▶ **Problem description**: Below are the entries. Print only the lines starting at the one with "Gangbang for sexy" and ending at the one with "Rímska roleta Duo", exactly, with no pictures.

▶ **Task data**:
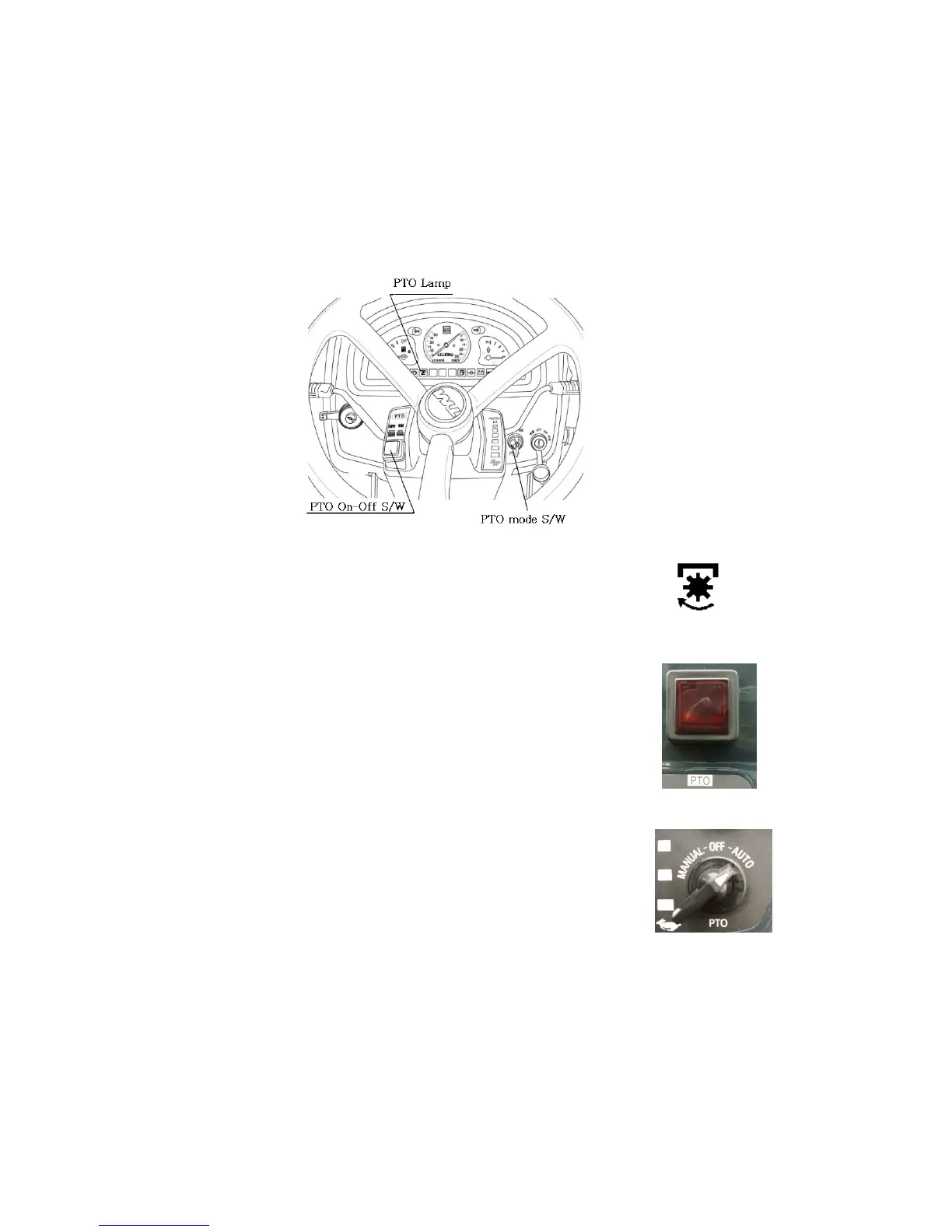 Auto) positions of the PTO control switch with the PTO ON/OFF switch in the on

* * *

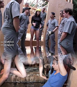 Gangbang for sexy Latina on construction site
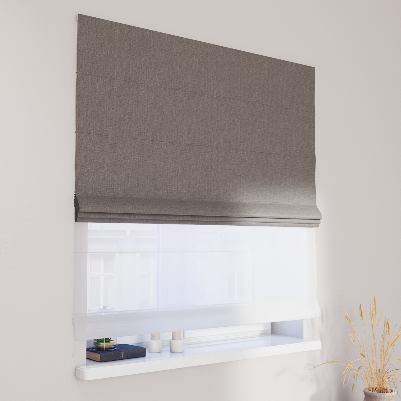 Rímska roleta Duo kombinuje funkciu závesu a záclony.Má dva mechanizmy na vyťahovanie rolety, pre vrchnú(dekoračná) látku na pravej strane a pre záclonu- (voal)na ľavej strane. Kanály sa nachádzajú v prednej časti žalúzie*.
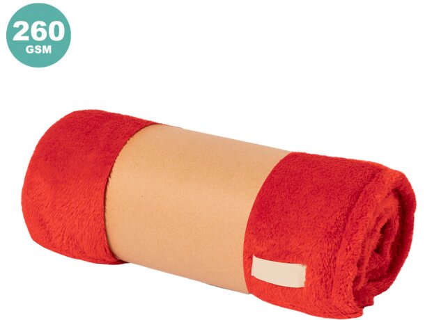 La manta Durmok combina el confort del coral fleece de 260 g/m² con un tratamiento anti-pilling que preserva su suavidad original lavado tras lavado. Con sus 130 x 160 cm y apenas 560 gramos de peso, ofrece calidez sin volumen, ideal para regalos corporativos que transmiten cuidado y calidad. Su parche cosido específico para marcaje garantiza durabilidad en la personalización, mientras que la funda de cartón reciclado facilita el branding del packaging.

▶ **Answer to this problem**:
 Gangbang for sexy Latina on construction site
 Rímska roleta Duo kombinuje funkciu závesu a záclony.Má dva mechanizmy na vyťahovanie rolety, pre vrchnú(dekoračná) látku na pravej strane a pre záclonu- (voal)na ľavej strane. Kanály sa nachádzajú v prednej časti žalúzie*.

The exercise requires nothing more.